The 2017 Conference on Computer Vision and Pattern Recognition (CVPR) was hosted from July 21st to July 26th in Honolulu, Hawaii. This year’s conference accepted 783 papers out of 2,620 valid submissions, which included 215 long and short presentations and 3 parallel tracks. The conference attracted 127 sponsors with $859,000 in sponsorship funds, and close to 5,000 people attended, a significant improvement from just over a thousand a few years ago.

In this article, we will help you recap and walk through this carnival (coffee was great!). Let’s get started.

image (2).png

Main Conference

CVPR is one of the most influential computer vision conferences. During its 4-day main conference (July 22nd – July 25th), it covered the following main topics:

Machine Learning
Object Recognition & Scene Understanding – Computer Vision & Language
3D Vision
Human Analyzing
Low- & Mid- Level Vision
Image Motion & Tracking: Video Analysis
Computational Photography
Applications

The first four topics accounted for more than 80% of the accepted papers. We will first introduce these four topics.

Machine Learning

In the Machine Learning Session, most long and short presentations were focused on breaking through the performance limits in existing models, while a few excellent papers did deep dives into understanding the mechanism of Neural Network:

Densely Connected Convolutional Networks. This is one of the recipients for the best paper awards. This work introduces DenseNet, a novel network that maintains a denser network architecture as the network goes deeper. Its advantages over vanilla CNN include: keeping a stronger gradient flow, substantially enhanced computational efficiency, etc. “They partially answered the question on how NN works, and they conducted their research by exploring the unknowns rather than only tweaking the NN architecture,” a researcher commented.
Global Optimality in Neural Network Training. This paper shows that global optimal could be reached, as long as both the network output and the regularization to be positively homogeneous functions of the network parameters. In short, a ReLU function can be seen as homogeneous because of max(0, ax) = a * max(0, x), whereas softmax cannot. What’s more, it extends the theory to multiple AlexNet connected in parallel. This interesting paper can be used as a guide to design and train Neural Network models.

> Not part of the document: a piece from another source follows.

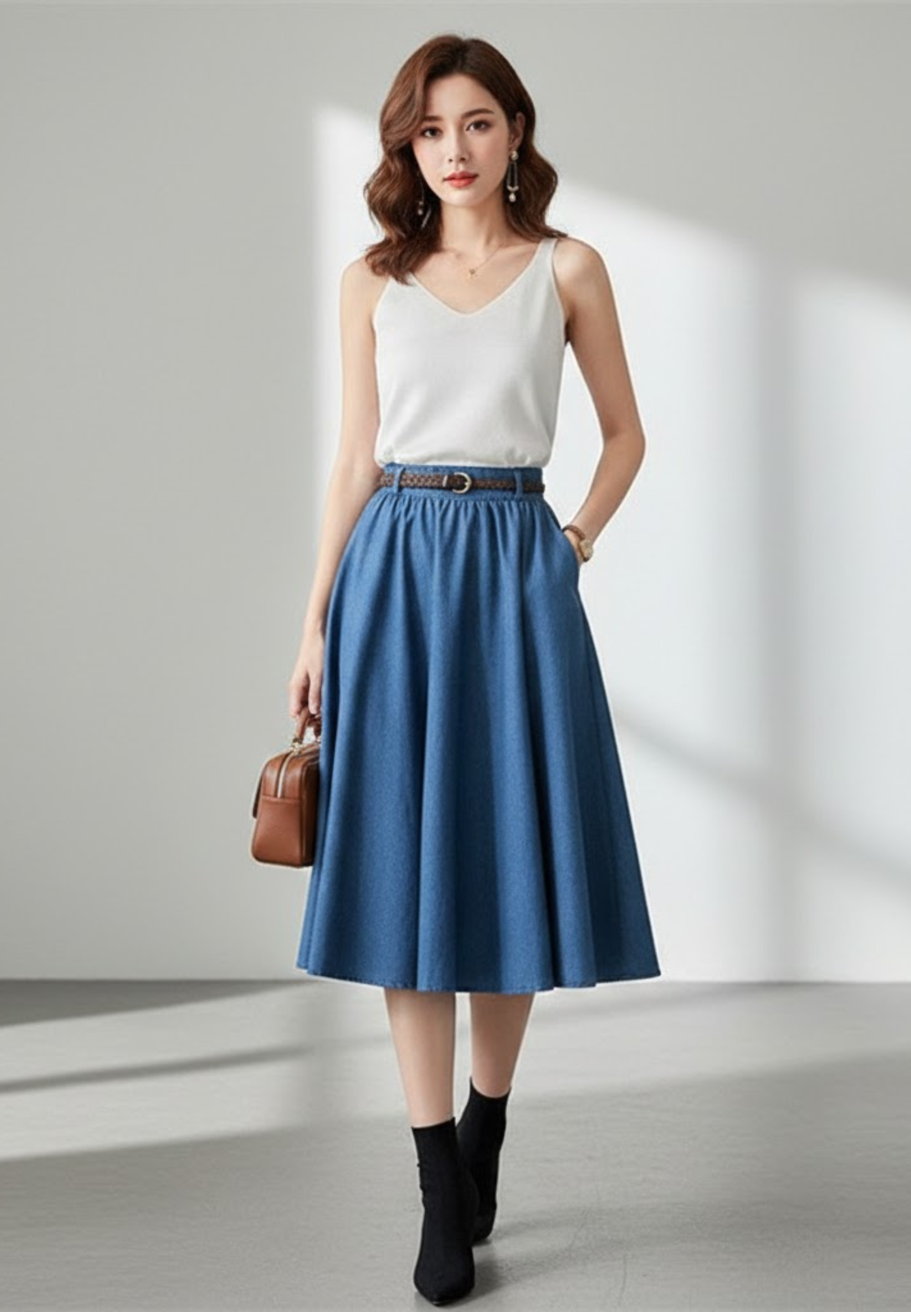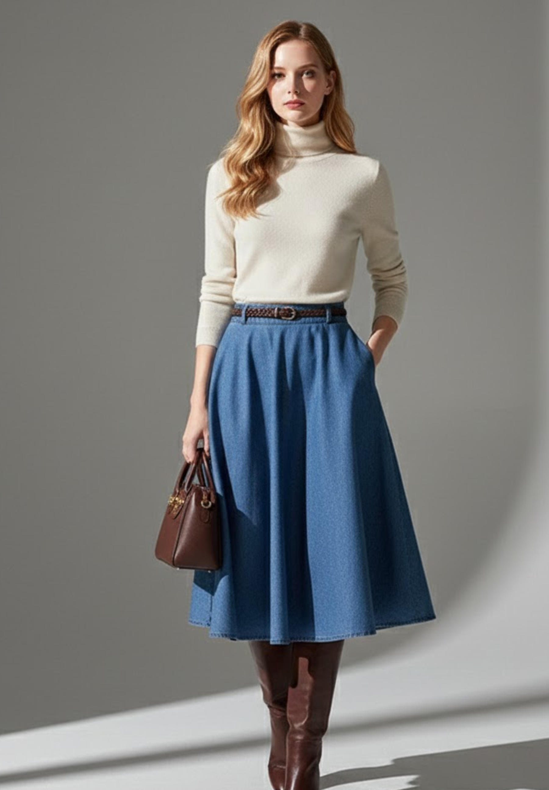 Jupe en denim PLISSÉA – L’élégance rétro au mouvement fluide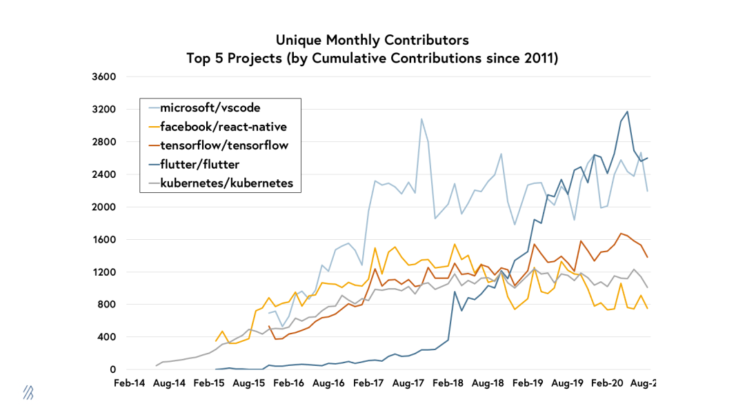 在讨论最大的开源项目社区时,不可能不碰到来自科技巨头的项目。有史以来排名前五位的开源项目分别来自Google,Microsoft和Facebook。这些项目在现代软件开发和云基础架构中起着根本性的作用,它们建立了令人难以置信的大型社区,每个社区每月都有1000多个贡献者。有趣的是,每个项目都已成为各自类别中最流行的一两个技术,包括VSCode(注:一款开源免费跨平台代码编辑器,广泛使用的IDE),Kubernetes(Google开源的一个容器编排引擎,它支持自动化部署、大规模可伸缩、应用容器化管理)以及React Native和Flutter(两个最受欢迎的跨平台前端框架)。

A noteworthy work was presented:

Unsupervised Pixel-Level Domain Adaptation With Generative Adversarial Networks. This work, Super Resolution Generative Adversarial Network, proposes that perceptual loss replaces mean squared error. Applied to GAN, perceptual loss consists of content loss and adversarial loss, Thus, this loss function leads GAN to represent high-level contents rather than pixel-level. Furthermore, a new metric for measuring perceptual loss is proposed.

As Machine Learning, especially its sub-domain of Deep Learning, becomes incredibly effective in dealing with computer vision problems, it is no surprise why ML/DL has become the mainstream this year (since 2012 AlexNet shocks the world, ML/DL has left no room for traditional computer vision methods). “Machine Learning dominates computer vision! It’s exciting and there will be more opportunities!” one of the interviewees showed his wild enthusiasm during coffee break. However, some were worried “Very few researchers pay attention to pushing ML/DL theories forward, this is not good,” because DL works as a tool. Regardless whether you accept this trend or not, ML and DL are dominating everywhere.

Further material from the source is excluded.